The Carlton show, which was being beaten in the ratings by BBC1's Clive Anderson Now and Channel 4's So Graham Norton, is to be replaced this Friday at 10.30pm by ITV regional programming.

Big Bad World, which is a Cold Feet-esque thirtysomething comedy drama starring Ardal O'Hanlon and Beth Goddard, has averaged just 3.1m and an 18% share since debuting on Friday night on January 19.

The second series of the show started out at 10pm, before being moved back to 10.30pm in its second week.

"This is a commercial channel," said an ITV spokeswoman. "There's still a lot of trial and experiment with the new schedule. Big Bad World wasn't doing as well as it could have done."

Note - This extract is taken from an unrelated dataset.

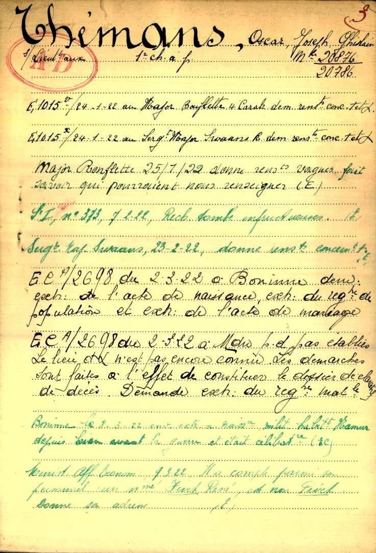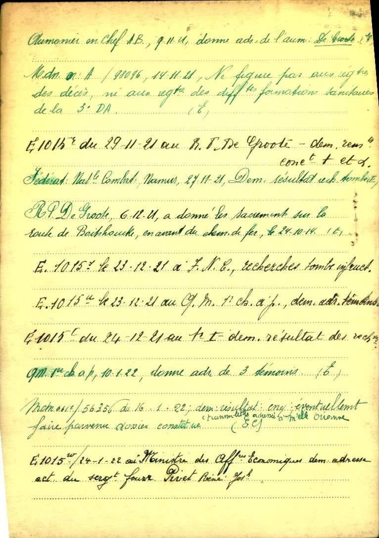 Maj Ronflette van de 1ste Carabiniers laat weten dat hij geen informatie heeft maar geeft in zijn brief van 31 augustus 1921 de naam van een aalmoezenier die misschien meer zou kunnen weten.
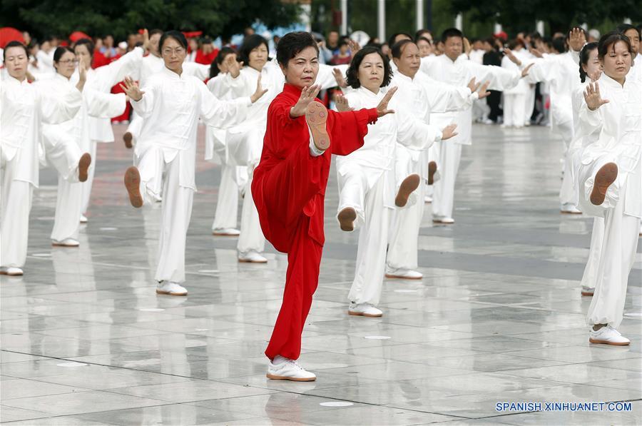 Aficionados de Taiji (boxeo chino con un adversario imaginario) realizan una actuacón en la antigua localidad de Kongtong en la ciudad de Pingliang, provincia de Gansu, en el noroeste de China, el 21 de julio de 2018. Más de 100,000 aficionados del Taiji participaron en el espectáculo durante la ceremonia de inauguración de un festival de turismo llevado a cabo el sábado en la ciudad de Pingliang. (Xinhua/Yang Xin)

The spokeswoman added that the remaining six episodes of the comedy drama will be broadcast, though they have not yet been rescheduled.

==Home media==
The complete first series was released on VHS on 11 September 2000 by Carlton Video and the second series was released on VHS on 19 March 2001 as well, but has never been issued on DVD in the United Kingdom.